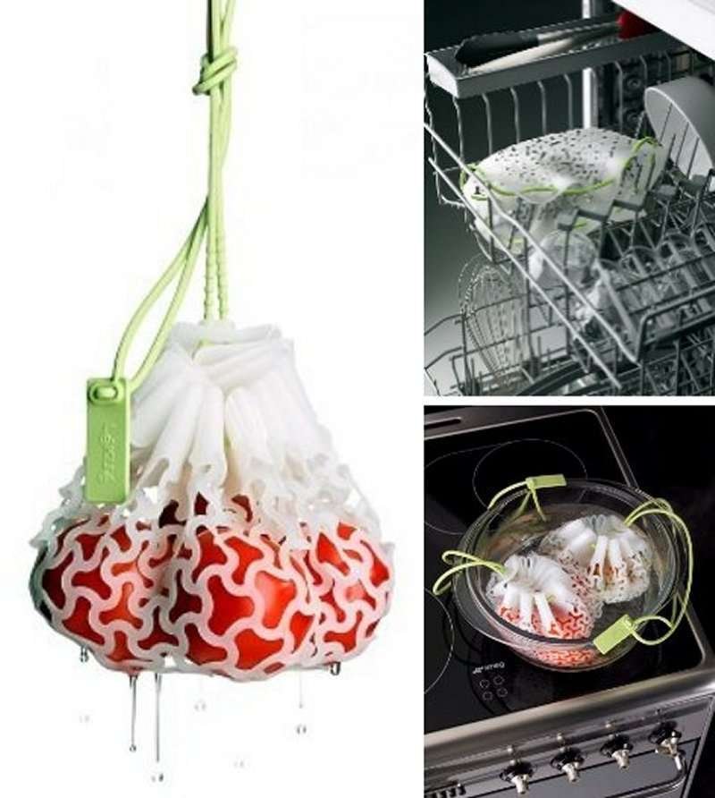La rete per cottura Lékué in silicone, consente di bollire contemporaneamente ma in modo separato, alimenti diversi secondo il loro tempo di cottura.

* * *

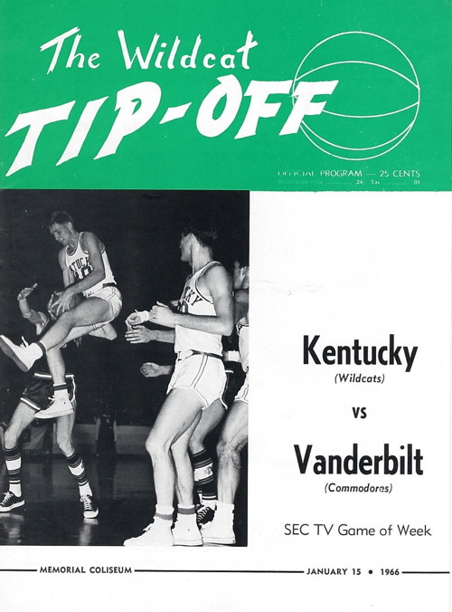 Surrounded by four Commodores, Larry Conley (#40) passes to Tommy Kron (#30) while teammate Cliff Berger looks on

---

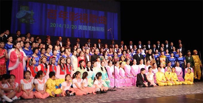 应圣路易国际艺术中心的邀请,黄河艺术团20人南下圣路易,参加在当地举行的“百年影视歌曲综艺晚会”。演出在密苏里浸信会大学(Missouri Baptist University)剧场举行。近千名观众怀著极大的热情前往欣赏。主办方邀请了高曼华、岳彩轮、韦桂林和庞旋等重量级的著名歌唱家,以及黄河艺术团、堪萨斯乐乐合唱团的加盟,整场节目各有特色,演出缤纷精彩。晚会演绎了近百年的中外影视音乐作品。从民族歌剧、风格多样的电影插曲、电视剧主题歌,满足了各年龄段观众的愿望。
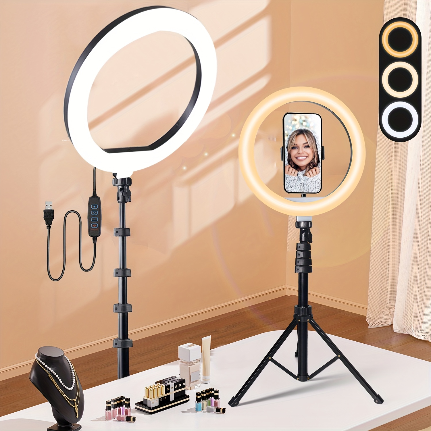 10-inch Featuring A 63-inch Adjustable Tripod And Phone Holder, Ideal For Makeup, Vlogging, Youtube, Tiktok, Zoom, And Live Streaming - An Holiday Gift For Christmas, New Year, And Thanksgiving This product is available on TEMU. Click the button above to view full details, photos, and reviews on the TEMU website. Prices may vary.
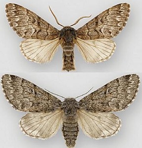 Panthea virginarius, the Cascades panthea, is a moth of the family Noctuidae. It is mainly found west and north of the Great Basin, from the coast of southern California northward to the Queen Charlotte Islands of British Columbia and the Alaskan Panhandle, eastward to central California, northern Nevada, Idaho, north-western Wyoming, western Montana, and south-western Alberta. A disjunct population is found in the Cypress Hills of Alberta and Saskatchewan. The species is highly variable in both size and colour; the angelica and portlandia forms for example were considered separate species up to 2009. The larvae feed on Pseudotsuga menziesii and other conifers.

BRIEF >> Output exactly the lines above, from the line with "10-inch Featuring A" to the line with "Panthea virginarius, the", both included; skip the pictures.

ANSWER SPACE >>
 10-inch Featuring A 63-inch Adjustable Tripod And Phone Holder, Ideal For Makeup, Vlogging, Youtube, Tiktok, Zoom, And Live Streaming - An Holiday Gift For Christmas, New Year, And Thanksgiving This product is available on TEMU. Click the button above to view full details, photos, and reviews on the TEMU website. Prices may vary.
 Panthea virginarius, the Cascades panthea, is a moth of the family Noctuidae. It is mainly found west and north of the Great Basin, from the coast of southern California northward to the Queen Charlotte Islands of British Columbia and the Alaskan Panhandle, eastward to central California, northern Nevada, Idaho, north-western Wyoming, western Montana, and south-western Alberta. A disjunct population is found in the Cypress Hills of Alberta and Saskatchewan. The species is highly variable in both size and colour; the angelica and portlandia forms for example were considered separate species up to 2009. The larvae feed on Pseudotsuga menziesii and other conifers.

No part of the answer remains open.